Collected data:
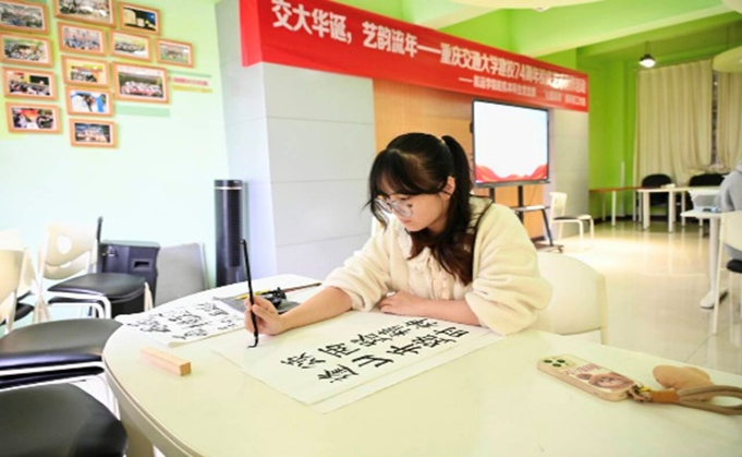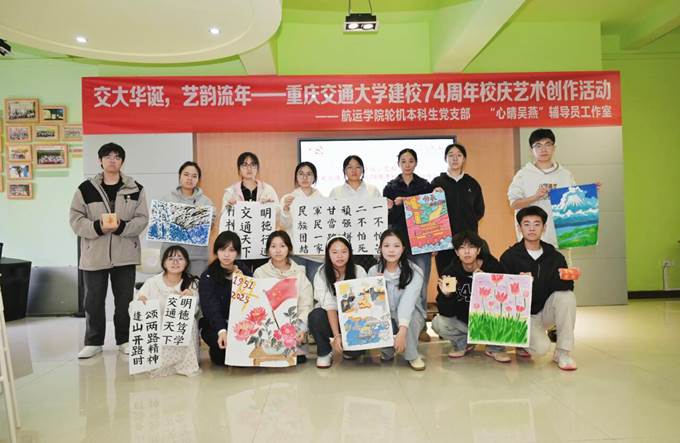 七十四载春华秋实,匠心笔墨共绘锦绣前程。2025年11月12日下午,重庆交通大学南岸校区第三办公楼二楼团辅室内气氛热烈,由航运学院轮机本科生党支部联合“心晴吴燕”辅导员工作室共同举办的“交大华诞,艺韵流年——重庆交通大学74周年校庆艺术创作活动”在此顺利开展。活动以传统技艺致敬峥嵘岁月,用艺术作品献礼母校华诞,激励青年学子扎根航运、奋发有为,谱写投身学校发展的新篇章。
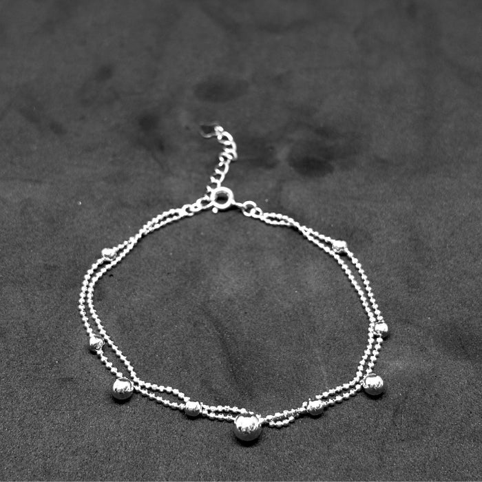 Çift Zincirli Nokta Figürlü Gümüş Bileklik
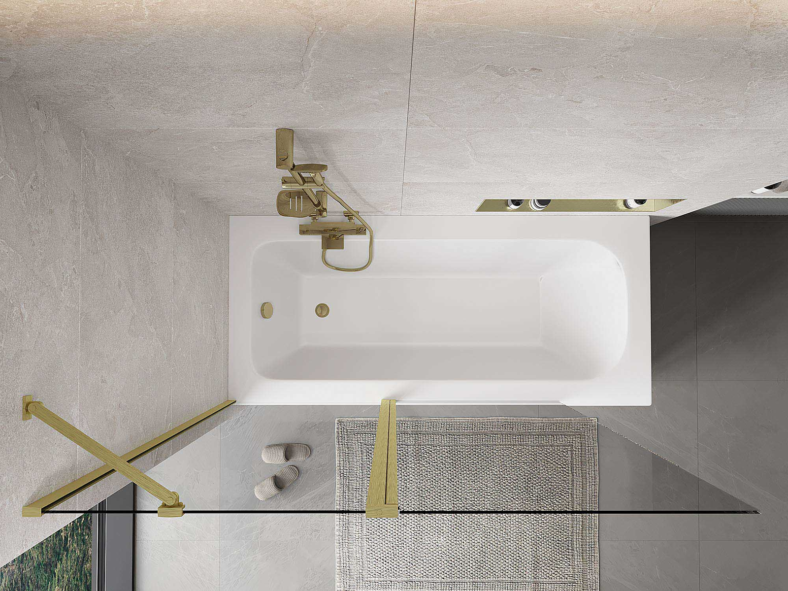 Scherm gemaakt van twee vleugels met de mogelijkheid om het op te vouwen. Deze oplossing bespaart meer ruimte in de badkamer en maakt het gemakkelijk om de overgebleven ruimte te gebruiken wanneer we de badzone niet gebruiken.
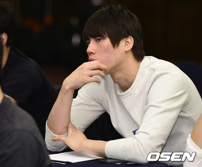 12일 서울 청담동 리베라호텔에서 열린 한국배구연맹(KOVO, 총재 구자준) '2014-2015시즌 신인선수 오리엔테이션'에서 드래프트 2순위로 OK저축은행에 입단한 박원빈이 자리하고 있다.
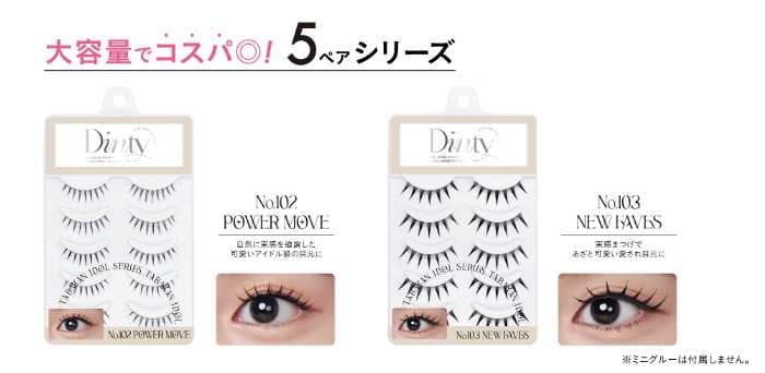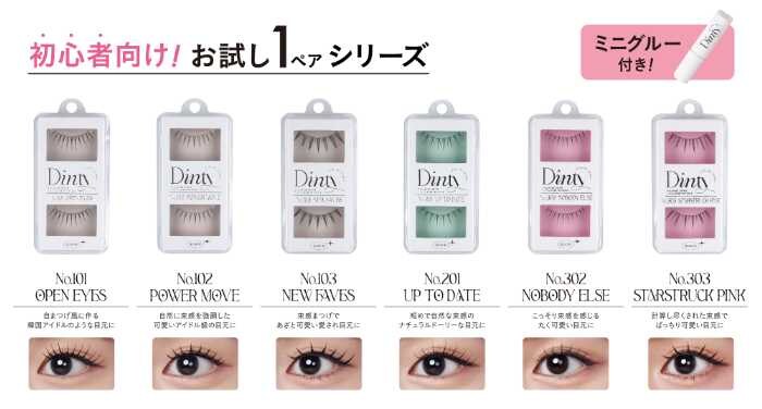 サン・スマイルのつけまつげブランド「Dinty(ディンティー)」から、新作が登場♡初心者向けのミニグルー付き1ペアタイプは、人気No.101オープンアイズやNo.102パワームーブなど6品番をラインナップ。まとめ買いに便利な5ペアタイプはNo.102とNo.103をご用意。軸が細く柔らかく改良され、より軽やかで快適なつけ心地を楽しめます♪
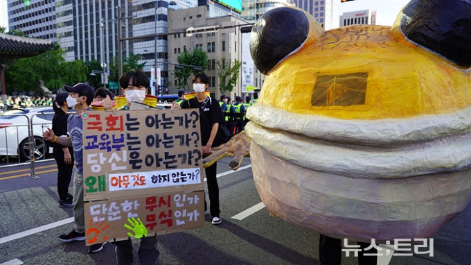 거대한 도롱뇽 오브제와 행진하던 전북 무주의 대안학교 푸른꿈고등학교 3학년 남정수(19)는 "전교생 60명 중 50명이 참석했다"며 "오지 못한 친구들 몫까지 더 큰 소리로 외치고 가겠다"고 말했다. 이어 "학교에서 환경에 대한 교육을 받고 있지만 환경교사가 너무 부족해 이에 대한 정책 마련을 요구하기 위해 행진에 참여했다"고 설명했다.
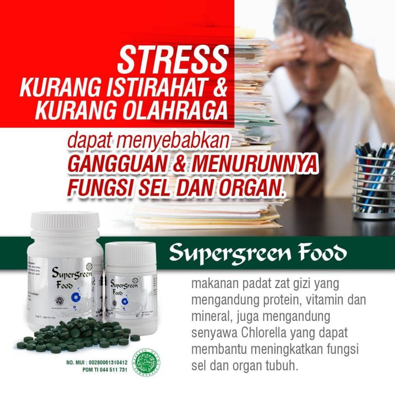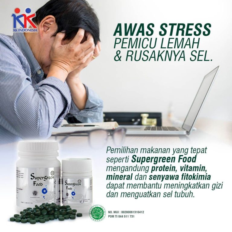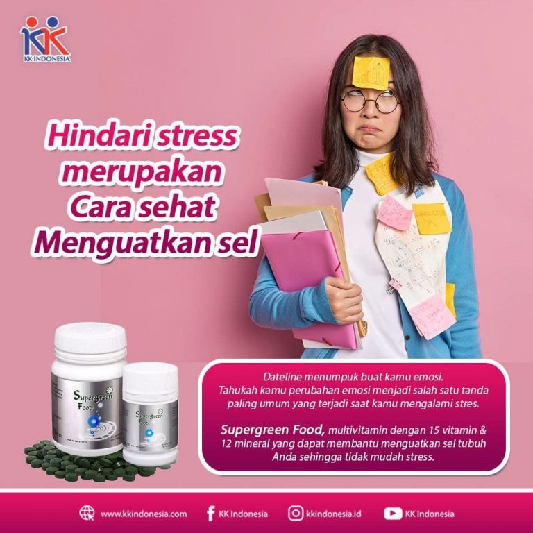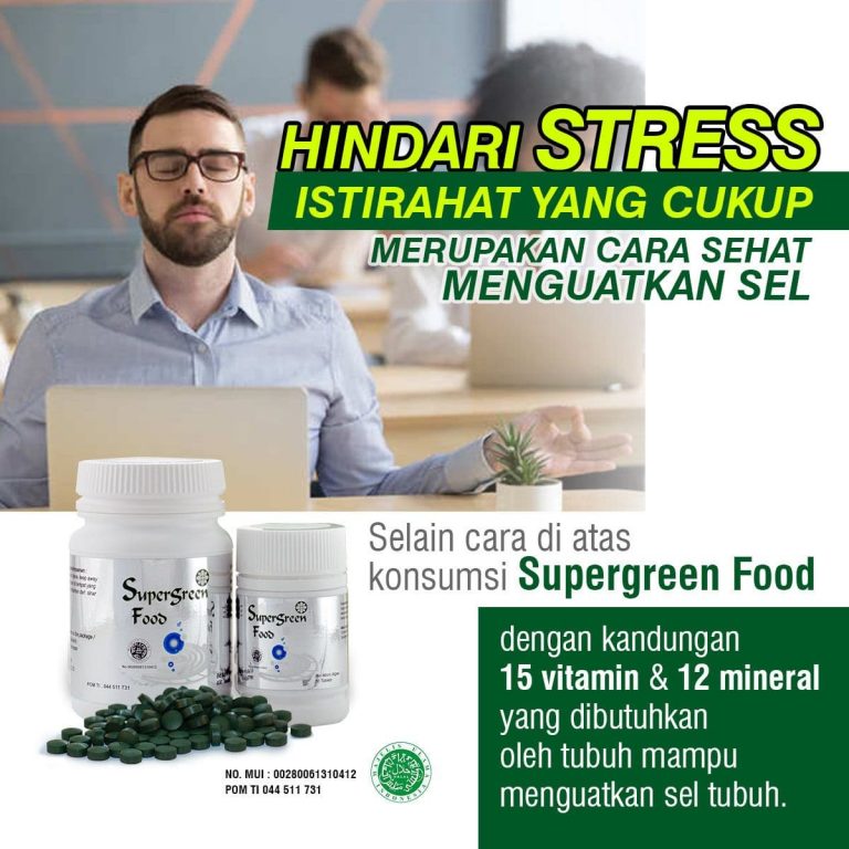 Supergreen Food, multivitamin dengan 15 vitamin & 12 mineral dapat membantu menguatkan sel tubuh kamu sehingga tidak mudah stress. Karena menghindari stress adalah salah satu cara menguatkan sel tubuh.
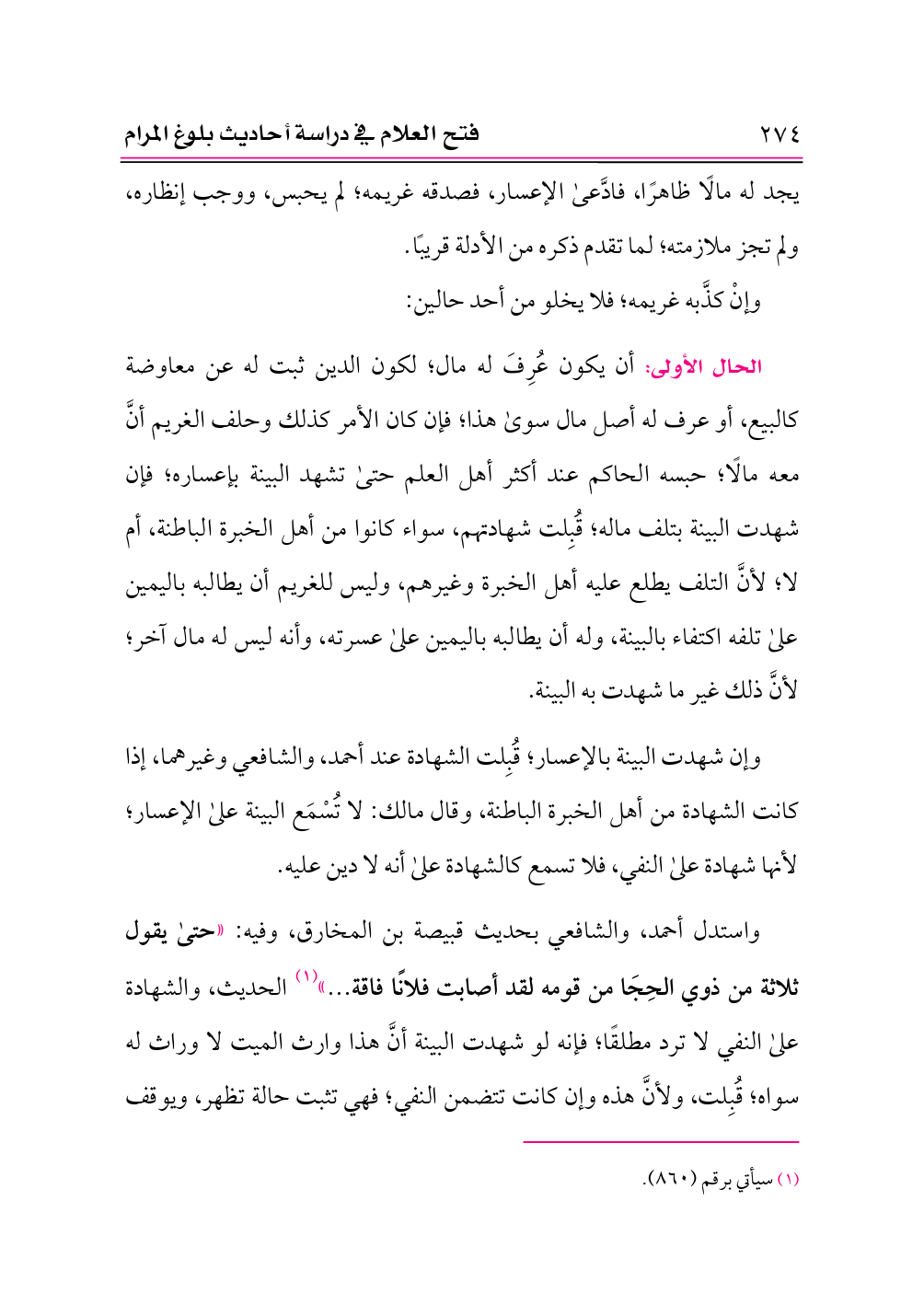 واستدل أحمد، والشافعي بحديث قبيصة بن المخارق، وفيه: «حتى يقول ثلاثة من ذوي الحِجَا من قومه لقد أصابت فلانًا فاقة ... » (¬١) الحديث، والشهادة على النفي لا ترد مطلقًا؛ فإنه لو شهدت البينة أنَّ هذا وارث الميت لا وراث له سواه؛ قُبِلت، ولأنَّ هذه وإن كانت تتضمن النفي؛ فهي تثبت حالة تظهر، ويوقف

TASK: Every line from the one with "Scherm gemaakt van" through the end of the records is to be reproduced exactly, and the pictures are to be left out.

TASK ANSWER:
 Scherm gemaakt van twee vleugels met de mogelijkheid om het op te vouwen. Deze oplossing bespaart meer ruimte in de badkamer en maakt het gemakkelijk om de overgebleven ruimte te gebruiken wanneer we de badzone niet gebruiken.
 12일 서울 청담동 리베라호텔에서 열린 한국배구연맹(KOVO, 총재 구자준) '2014-2015시즌 신인선수 오리엔테이션'에서 드래프트 2순위로 OK저축은행에 입단한 박원빈이 자리하고 있다.
 サン・スマイルのつけまつげブランド「Dinty(ディンティー)」から、新作が登場♡初心者向けのミニグルー付き1ペアタイプは、人気No.101オープンアイズやNo.102パワームーブなど6品番をラインナップ。まとめ買いに便利な5ペアタイプはNo.102とNo.103をご用意。軸が細く柔らかく改良され、より軽やかで快適なつけ心地を楽しめます♪
 거대한 도롱뇽 오브제와 행진하던 전북 무주의 대안학교 푸른꿈고등학교 3학년 남정수(19)는 "전교생 60명 중 50명이 참석했다"며 "오지 못한 친구들 몫까지 더 큰 소리로 외치고 가겠다"고 말했다. 이어 "학교에서 환경에 대한 교육을 받고 있지만 환경교사가 너무 부족해 이에 대한 정책 마련을 요구하기 위해 행진에 참여했다"고 설명했다.
 Supergreen Food, multivitamin dengan 15 vitamin & 12 mineral dapat membantu menguatkan sel tubuh kamu sehingga tidak mudah stress. Karena menghindari stress adalah salah satu cara menguatkan sel tubuh.
 واستدل أحمد، والشافعي بحديث قبيصة بن المخارق، وفيه: «حتى يقول ثلاثة من ذوي الحِجَا من قومه لقد أصابت فلانًا فاقة ... » (¬١) الحديث، والشهادة على النفي لا ترد مطلقًا؛ فإنه لو شهدت البينة أنَّ هذا وارث الميت لا وراث له سواه؛ قُبِلت، ولأنَّ هذه وإن كانت تتضمن النفي؛ فهي تثبت حالة تظهر، ويوقف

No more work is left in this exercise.